DK zu Urteil gegen Köçer: Kriminalisierung von kurdischem Aktivismus

Der kurdische Politiker Tahir Köçer ist in München wegen vermeintlicher PKK-Mitgliedschaft zu knapp zweieinhalb Jahren Haft verurteilt worden. Die Ortsgruppe von Defend Kurdistan war dabei und spricht von Kriminalisierung des kurdischen Aktivismus.

Antikurdische Kriminalisierung

Tahir Köçer sitzt mittlerweile seit 15 Monaten in Untersuchungshaft in der JVA Stadelheim in München. Er wurde im Dezember 2022 im Zuge von Durchsuchungen des Medya Volkshauses und von Privatwohnungen in Nürnberg festgenommen und kam aufgrund eines Haftbefehls des OLG München in Untersuchungshaft. Nun wurde er zu insgesamt 29 Monaten Haft nach dem Paragraphen 129 b wegen Mitgliedschaft in der PKK verurteilt.

Im vollen Zuschauerraum warteten solidarische Menschen auf Tahir, die aus dem ganzen Bundesgebiet sowie aus Österreich angereist waren. Die Anwesenheit seiner Familie, Freund:innen, Genoss:innen und vor allem der volle Saal waren eine Bestätigung für seine unermüdliche Arbeit der letzten Jahrzehnte wie auch für seine revolutionäre Haltung. Tahir Köçer war lange Jahre als Politiker Stimme der Kurd:innen. In Reden setzte er sich mit seinem Namen für die Rechte von Kurd:innen, die Freiheit des kurdischen Repräsentanten Abdullah Öcalan und für die kurdische Selbstverwaltung ein.

Tahir Köçer hat schon in Nordkurdistan antikurdischen Rassismus erlebt – durch türkische Militärs in seinem Heimatdorf.
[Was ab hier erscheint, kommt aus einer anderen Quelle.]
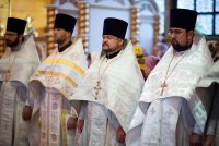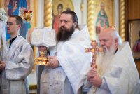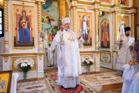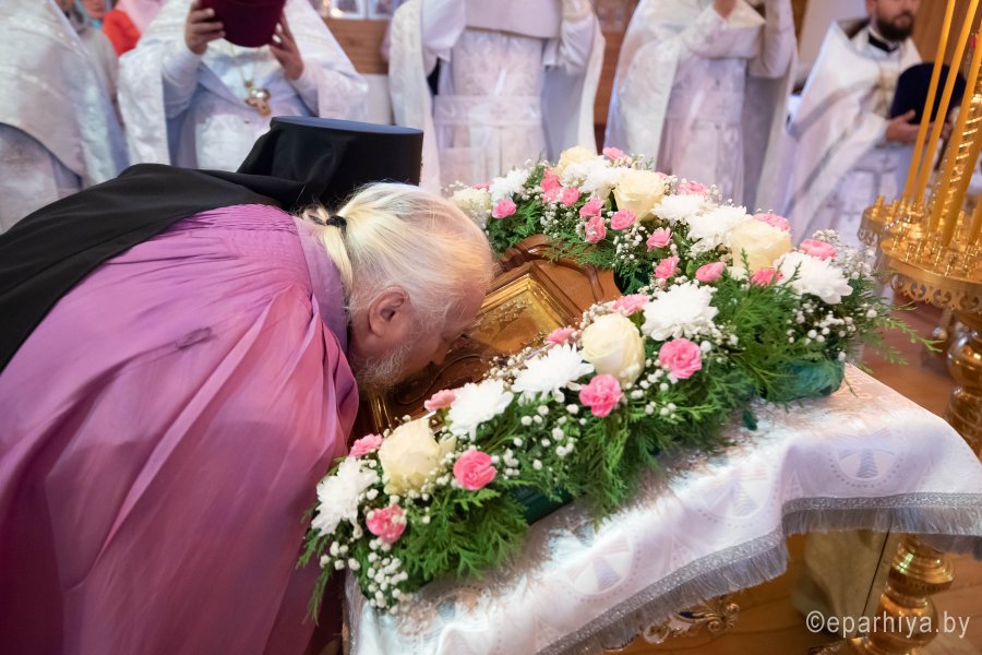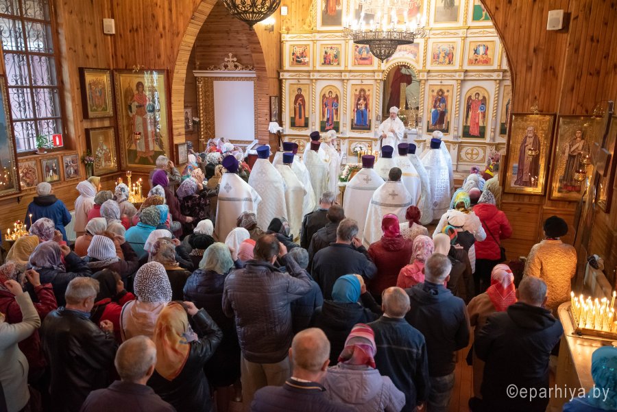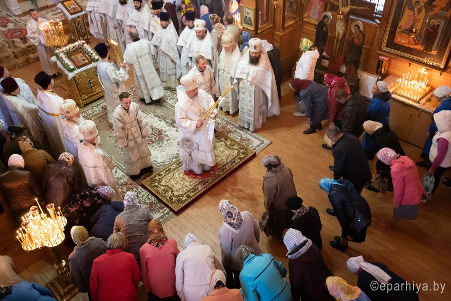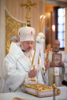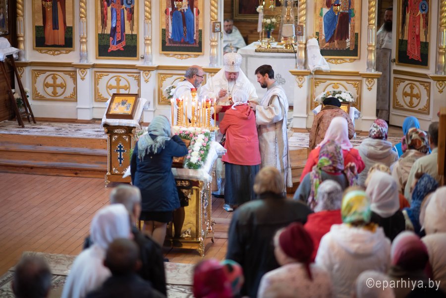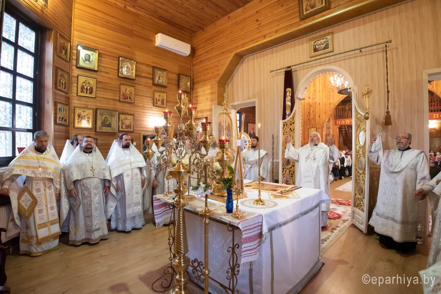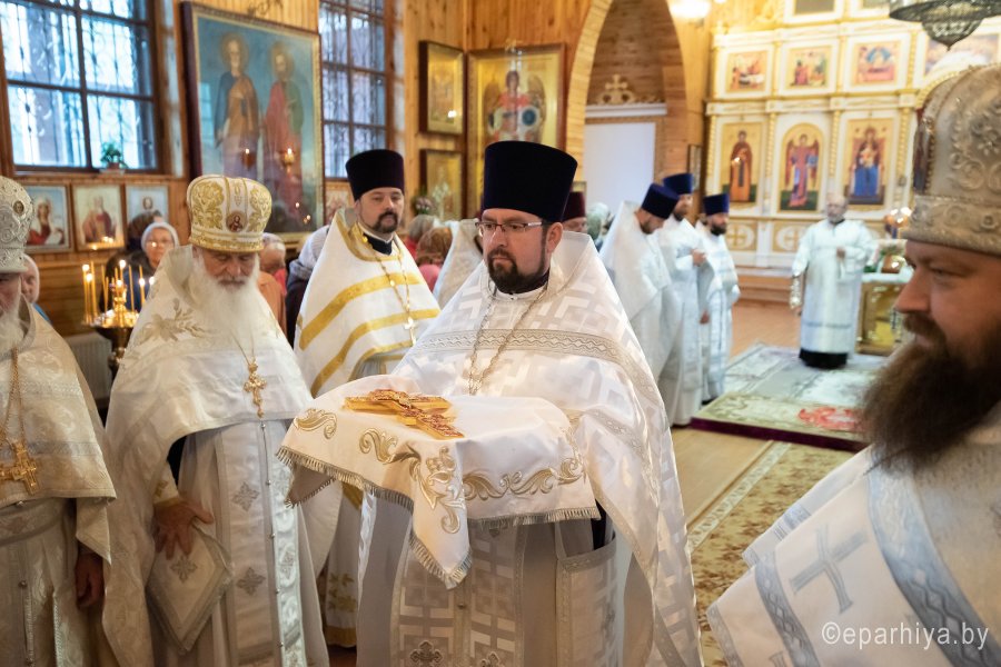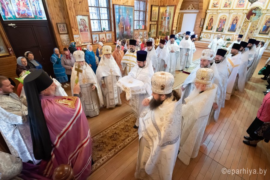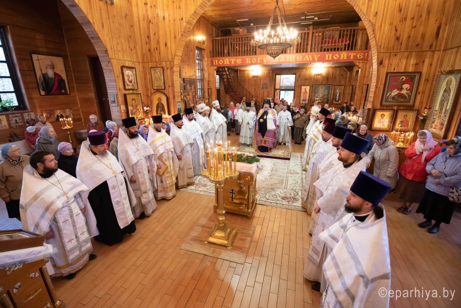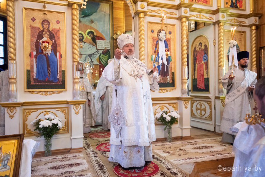 Святой Архангел Михаил является «вождем воинства Господня», одним из высшим небесных сил бесплотных. В православной традиции он почитается как покровитель и защитник народа Божия. Согласно преданию, Архангел Михаил победил восставшего против Бога ангела Денницу, низвергнув его с небес. С этого момента он сделался Архистратигом, то есть верховным военачальником всех Небесных Сил. Божественную литургию в день воспоминания чуда Архистратига Михаила, бывшего в Хонех в храме святого Архистратига Михаила в г.Гомеле 19 сентября 2019г. совершил Высокопреосвященный Стефан, Архиепископ Гомельский и Жлобинский. Высокопреосвященному сослужили: благочинный монастырей Гомельской епархии архимандрит Амвросий (Шевцов), избранный и нареченный епископом Светлогорским, викарием Гомельской епархии, духовник Гомельской епархии протоиерей Стефан Гладыщук, благочинный Гомельского городского округа протоиерей Игорь Ольшанов, благочинный Гомельского районного округа протоиерей Артемий Кривицкий, руководители епархиальных отделов и духовенство епархии. По окончании богослужения Высокопреосвященнейший Стефан поздравил с Днем рождения протоиерея Стефана Гладыщука и преподнес в дар букет цветов. Владыка Стефан поздравил причастников с принятием Святых Христовых Таин, обратился к молящимся со словами Архипастырского назидания и в память об общей молитве раздал всем присутствующим иконки. Во Фригии, недалеко от города Иераполя, в местности, называемой Херотопа, находился храм во имя Архистратига Михаила. В храме на протяжении 60 лет исполнял пономарское служение благочестивый человек по имени Архипп. Язычники решили уничтожить православный храм, соединили вместе две горные реки и пустили единый поток на то место, где он стоял. Святой Архипп усердно молился Архистратигу Михаилу о предотвращении бедствия. Явившийся на его зов архистратиг, полководец всего небесного воинства, ударил жезлом скалу, в ней образовалось огромное отверстие, и поток устремился туда, не причинив никакого вреда храму. Увидев такое дивное чудо, язычники в страхе бежали. Это событие вошло в историю христианства как Чуда архангела Михаила в Хонех. Хоны означает «дыра», «отверстие», «расселина». |

Später, als er in Istanbul lebte, wurde er von türkischen Polizeibeamten entführt und über mehrere Wochen gefoltert. Deswegen floh Tahir 1997 aus der Türkei nach Deutschland und beantragte Asyl. Hier betätigte er sich weiter politisch und war auch eine Zeitlang der Ko-Vorsitzende des kurdischen Dachverbands KON-MED.

Für die Verurteilung Tahirs spielten - so der Richter - viele einzelne Indizien eine Rolle, die zusammen ein „eindeutiges Bild“ ergeben würden. Völlig legale Tätigkeiten, nur im Zusammenhang mit der PKK werden sie als illegal gewertet. Dazu zählt unter anderem, dass Tahir eine Bahncard 100 besaß, dass er bei anderen Gerichtsprozessen im Zuschauerraum saß, dass er Veranstaltungen organisiert, Reden gehalten und Spenden gesammelt hat.

Das Gericht weist die politische Verantwortung von sich

Der Richter gestand zwar ein, dass das PKK-Verbot, das die ganze Grundlage der Anklage bildet, politisch diskutabel ist. Jedoch spielte er die Rolle des Gerichts herunter, indem er die Verantwortung, diese Frage zu klären, von sich wies.

Was der Richter seiner Meinung nach beurteilen konnte, waren die familiären Verhältnisse Tahirs, die er mehrmals kommentierte.

In der Urteilsverkündung nannte er es sogar löblich, sich für die Rechte der Kurd:innen einzusetzen, allerdings nicht im Zusammenhang mit der PKK. Politische Verantwortung von sich weisen, aber sich anzumaßen, die Deutungshoheit darüber zu haben, wie die kurdische Frage gelöst werden kann… Unzählige Male wurde in der Urteilsverkündung betont, dass der „bewaffnete Kampf“ für die PKK eine wichtige Rolle spielt. Genau diesen Kampf der PKK beurteilte das Brüsseler Berufungsgericht 2019 eben nicht als Terror. Wichtiger aber ist noch, dass der Kassationshof - höchste juristische Instanz in Belgien - Ende Januar 2020 die Feststellung getroffen hat, dass es sich bei der PKK nicht um eine terroristische Vereinigung handelt. Dieses Urteil hat Rechtskraft und seither gibt es in Belgien keine sogenannten Terrorismus-Verfahren mehr gegen kurdische Aktivist:innen. Und darauf kommt es an.

Tahirs Verurteilung nach §129 b ist die Spitze einer fast flächendeckenden Kriminalisierung von PKK-nahen Kurdinnen und Kurden, die die konsequente Durchsetzung des PKK-Verbots von 1993 ergänzen. Ein Ende dieser Kriminalisierung ist nicht absehbar.